First: YAML constraints. not_null, unique, accepted_values, relationships. These tests aren’t separable from documentation: they are the documentation. Declaring that a status column accepts ['PENDING', 'SHIPPED', 'DELIVERED'] is both documenting the contract and verifying it at every run. The cost is near zero (one line of YAML), and it gives basic coverage across all columns with no particular effort. This is the non-negotiable minimum.

Then and only then: complex tests. Consistency tests, distribution tests, mapping tests: those requiring custom SQL or packages like dbt-utils.

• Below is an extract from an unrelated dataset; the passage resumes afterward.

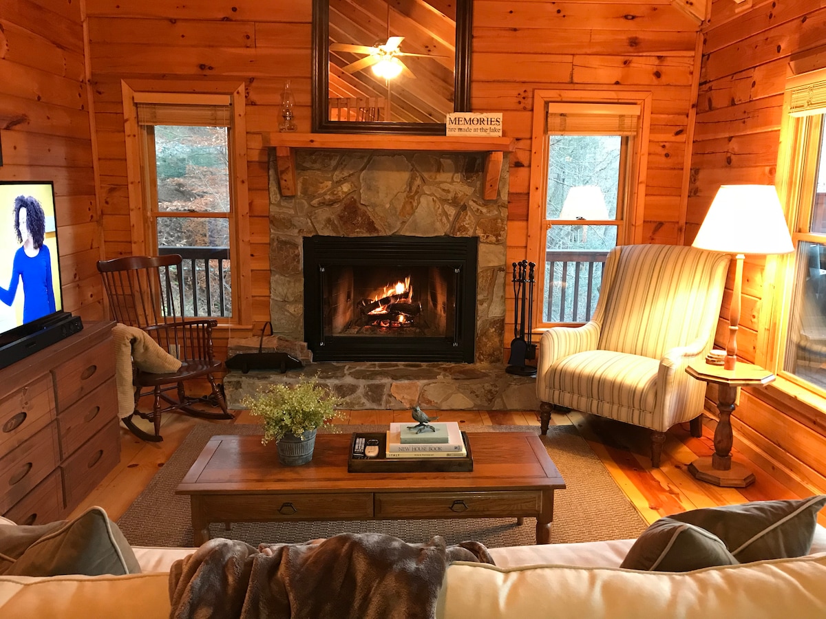 Bear Cliff cabin offers stunning mountain views and a short drive from Atlanta, Georgia to Blue Ridge mountains. This charming two-bedroom, two-bath cabin that sleeps six and has a master bedroom on the main floor. The guest bedroom with a queen bed, and a pull-out queen-size sofa bed, that makes it a perfect getaway for the family. The master bedroom also has access to Rich mountain(GA) views. Snuggle up by the wood-burning fireplace in the living room and enjoy the Blue Ridge mountains. Enjoy!

These are valuable, but they have a cost: you have to re-read them.

That’s where I learned the hard way: delegating test generation to an LLM without serious review means ending up with false coverage. Tests that execute, that pass, and that don’t actually test what they claim to test. That’s worse than no tests at all, because it gives unearned confidence. I reviewed LLM-generated tests I hadn’t checked at merge time, and some were simply off the mark: inverted logic, wrong table referenced, arbitrary threshold with no business meaning. They pass but serve no purpose.

The rule I apply now: YAML constraints, always, systematically, enforced in CI. Complex tests, only when I have time to read them line by line before merging. 30% coverage of well-understood tests is worth more than 80% coverage of tests nobody really knows what they’re checking.